Machine learning in spectroscopy
Keywords – chemistry, spectroscopy, machine learning, entomology, disease vectors
Project Summary - We will combine expertise in chemistry, spectroscopy, entomology, and computing science to apply state-of-the-art machine-learning techniques to the determination of traits in insects and the design of novel molecules for attracting or repelling insects.
In the battle against the spread of diseases such as malaria and Zika, it is critically important to be able to monitor the distribution of ages, species, and other traits of the population of vector species that transmit disease. As a key example, malaria can only be transmitted by mosquitoes older than 10 days. Therefore, control efforts should focus on reducing the fraction of older mosquitoes. The current best methods for doing this are highly inaccurate or expensive.
We have been able to demonstrate in preliminary work on mosquitoes that the mid-infrared spectrum contains sufficient information to determine age and species when analysed using a simple neural network. In this project, much more complete and robust analysis will be developed using supervised machine learning using more extensive spectral data sets. We will use dimensionality-reduction techniques for gaining greater insight into what spectral data are most important, we will use different forms of data, and generate synthetic data to improve robustness. Additionally, we will add near- infrared spectral data to allow the machine-learning algorithms to discover additional correlations. The experiments will be carried out on mosquitoes reared in Glasgow and at the Ifakara Health Institute in Tanzania as well as ticks from Scotland.

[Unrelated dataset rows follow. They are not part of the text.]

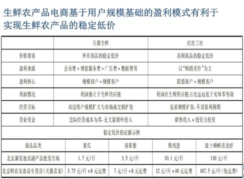 (2)天猫生鲜集聚大量生鲜供应商有利于形成完全竞争的市场结构从而向消费者提供竞争性销售价格;沱沱工社与更多上游供应商结成长期战略合作关系有利于获得竞争性供应价格;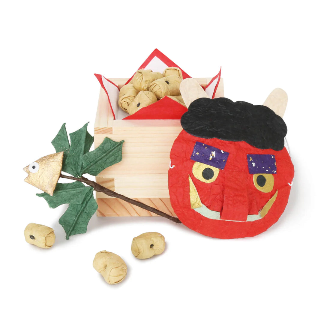 - ► 厳しい冬を越え、輝かしい春を願う「豆まき」の風景を、温かみのある和紙で小さなお飾りに仕立てました。 赤鬼のお面、升入りの豆、柊鰯(ひいらぎいわし)がセットになり、日本の伝統行事を身近に感じさせてくれます。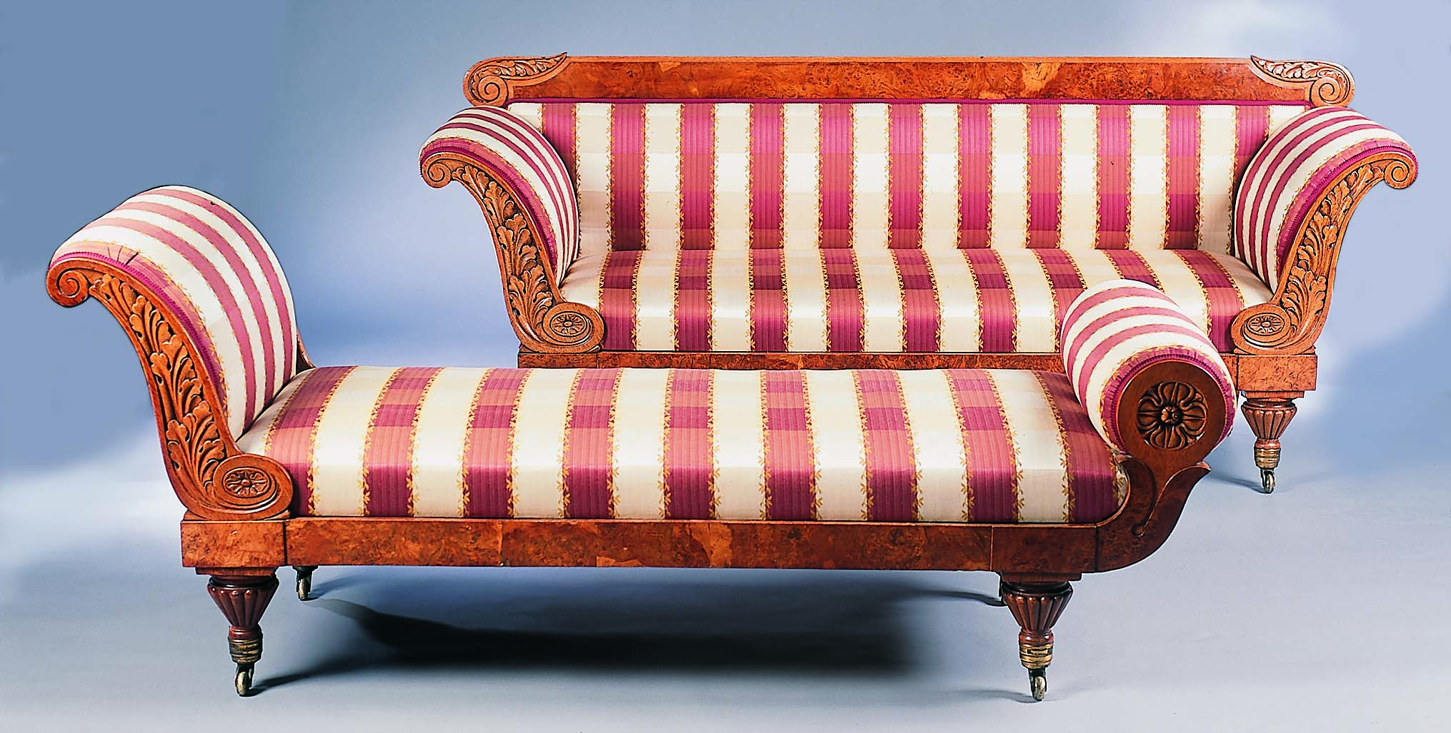en suite with the previous lot, the taller outscrolled end with oak leaf carved opposing uprights, the foot with opposing rosette terminals issuing from lappet clasp on sharply tapering turned and reeded legs terminating in brass caps and castors

The initial work on application of machine learning tools in a fairly standard approach will give the student a firm foundation, preparing them for exciting advanced work on graph-convolutional autoencoders to produce a data-driven continuous representation of molecules. We already have a machine-learning model trained on a database of 500,000 SMILES representations of molecules from pubchem. Preliminary work has shown that the attractiveness of a molecule to mosquitoes can be quantified semi-automatically on a greatly parallel scale, which will be exploited to find novel molecules that repel or attract insects. This is a potentially disruptive technology with wide applicability to molecular design.

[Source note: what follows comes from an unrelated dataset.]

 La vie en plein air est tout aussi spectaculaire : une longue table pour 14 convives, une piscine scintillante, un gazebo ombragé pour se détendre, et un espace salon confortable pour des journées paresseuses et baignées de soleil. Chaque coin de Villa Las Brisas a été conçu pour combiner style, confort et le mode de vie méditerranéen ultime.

Project Team - The project will be led by Prof Klaas Wynne in the School of Chemistry and co-supervised by Prof Roderick Murray-Smith in the School of Computing Science and Dr Francesco Baldini in the Institute of Biodiversity Animal Health and Comparative Medicine. The student will work among the three groups and primarily be based in Chemistry. The supervisors will hold regular meetings with the student to review the project’s progress and also to provide supports as required in order to meet the anticipated project goals in time. S/he will have access to the facilities available in three research groups and will also benefit from a highly active research culture of working in the interdisciplinary team.